But I’m not delusional. There are a lot of delusional people out there.

And yes, this entire entry might constitute shots fired.

I feel it is my duty to please that booty keep it fern gully. I can’t tell you how many emails we’ve received, IMs we’ve been privy to, and phone calls/texts that have come our way from mostly women about why they can’t find a man. Everybody runs the same line about how great they are as a person and their resume blah blah blah…and nobody gives a flying frog f*ck. Well, other women might care because somehow women attribute the resume to how hot another woman is when the truth is, you can be the valedictorian of Harvard, future Rhodes Scholar, Phi Beta Kappa Poet Laureate of the Southside of North Compton and simultaneously gully enough to break up a 70-person brawl at the L’Enfant Plaza Metro Station in Washington, DC, but if you aren’t hot, none of it matters.

I read on Twitter earlier today (forgive me forgetting who said it) where somebody’s daughter told her that the opposite of “pretty” was “alone.”

Got damn that’s poignant even if its not true at all.

Anyway, as a paragon of Bustedaciousness myself, it wouldn’t be right of me to tell anybody that they’re hot or not. Heavens no. I will, however, let you know some ways that you can tell if you are busted or not. And yes, I will be including ways men can know too, though we all know that’s fluke since even the ugliest dude can pull a hot chick by making her laugh even with 4 kids by 5 different women, 37 gold teeth, 3 pinky rings, and a partridge in a pear tree.

So, you might not be hot if…

…you’ve ever asked a DJ to play a song and he straight up told you “no”. Do you realize how unhot you have to be to get denied by a DJ you can actually access to request a song by? Especially in today’s technology driven age. He doesn’t have to dig thru crates for a record. Nope, he has it on his 500-gig hard drive full of music that can be called up instantaneously via Serato…and he said no. Consult your mirror posthaste.

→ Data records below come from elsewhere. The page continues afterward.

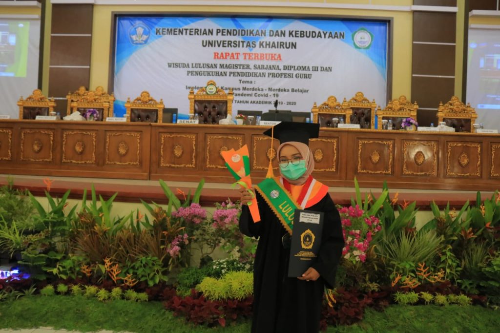 Unkhair.ac.id.. Terlahir dikeluarga sederhana tak membuat Nurul Chika Islami urungkan langkahnya untuk melanjutkan pendidikan ke jenjang lebih tinggi, dengan niat yang tulus serta dukungan dari kedua orang tua Chika panggilan akrabnya akhirnya dapat menyelesaikan pendidikan sarjana di Fakultas Keguruan dan Ilmu Pendidikan Program Studi Pendidikan Bahasa Inggris. Hari Ini, Jumat, 29 Januari 2021 Nurul Chika Islami mendapat kehormatan menjadi wisudawati terbaik dengan predikat pujian pada acara wisuda Tahun Akademik 2020/2021.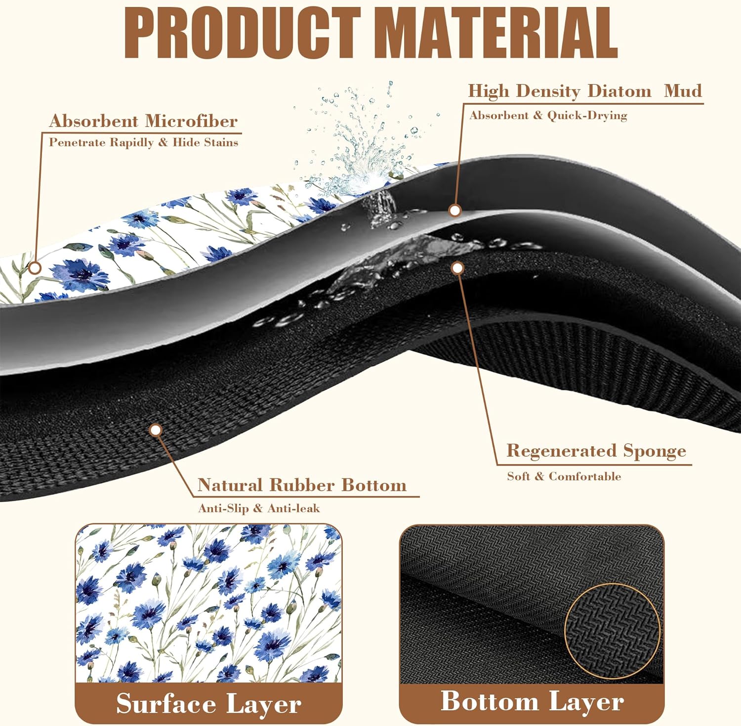 Watercolor Blue Cornflower Dish Drying Mat for Kitchen Counter Floral Coffee Bar Mat Hide Stain Absorbent Rubber Backed Drying Rack Pad Espresso Machine Coffee Bar Accessories 15.7 x 23.6 Inch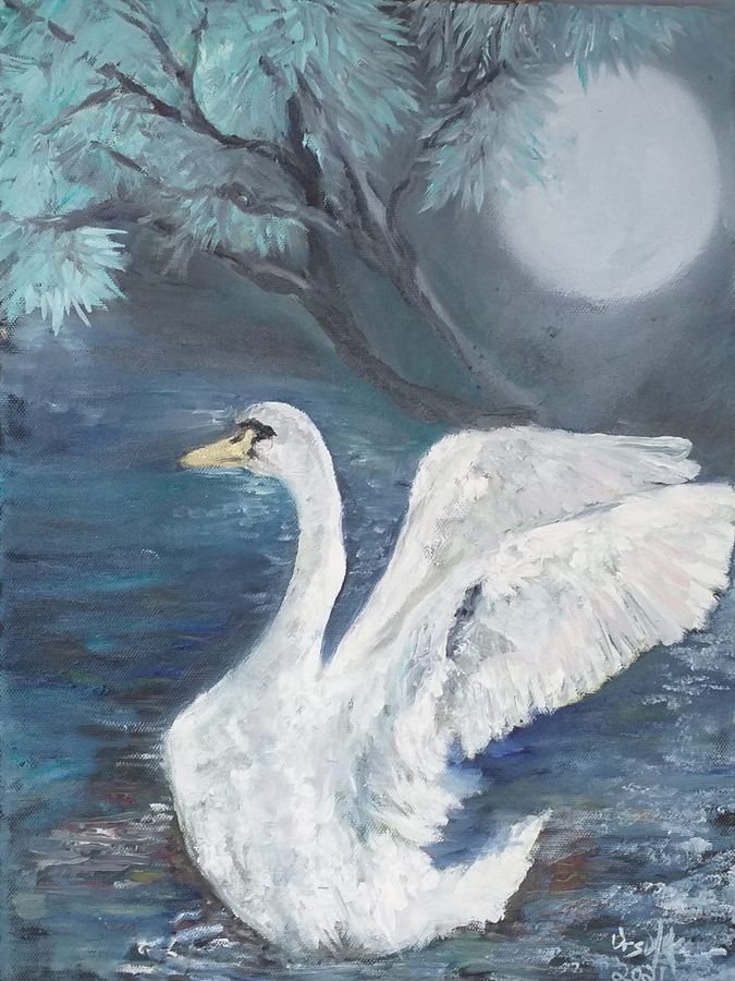 O! Silver Swan £125 2021 Oil on Canvas 30cm x 40cm

…you’ve never had a guy OFFER to buy you a drink. Notice I didn’t say that you took a free drink. Men are dumb. We offer to pay for the opportunity to have the possibility of nudity. Well, the lames of us anyway. I’ve seen ugly chicks who looked like they should be “fly” get free drinks. I’ve seen pleasantly plump, chins a plenty women get free drinks offered. Nobody’s ugly at 2am. Grenade.

…nobody’s EVER whistled at you on the street and you live anywhere near the Black part of town (and you have walkable streets). While I’m aware that women hate it when guys whistle at them, deep down inside, it has to be a slight self-esteem boost. I’d also guess that most women wouldn’t mind if the guys didn’t look like they’d just killed people and then ate some biscuits. Point is, even women with one attractive quality get attention, even of the negative kind.

…(if you’re a guy) you’re a 30 year old virgin. Unless religion is your oyster and cape, if you couldn’t get any stank at ALL from ages 16 forward then buddy boy, you just might be busted. I know this cat in DC. Ugly.as.the.f*ck. He has 8 kids. He is 19. I am not lying. He brags on how many kids he has. To other women. Which means that women still bone this dude DESPITE this fact. Just thought you should know.’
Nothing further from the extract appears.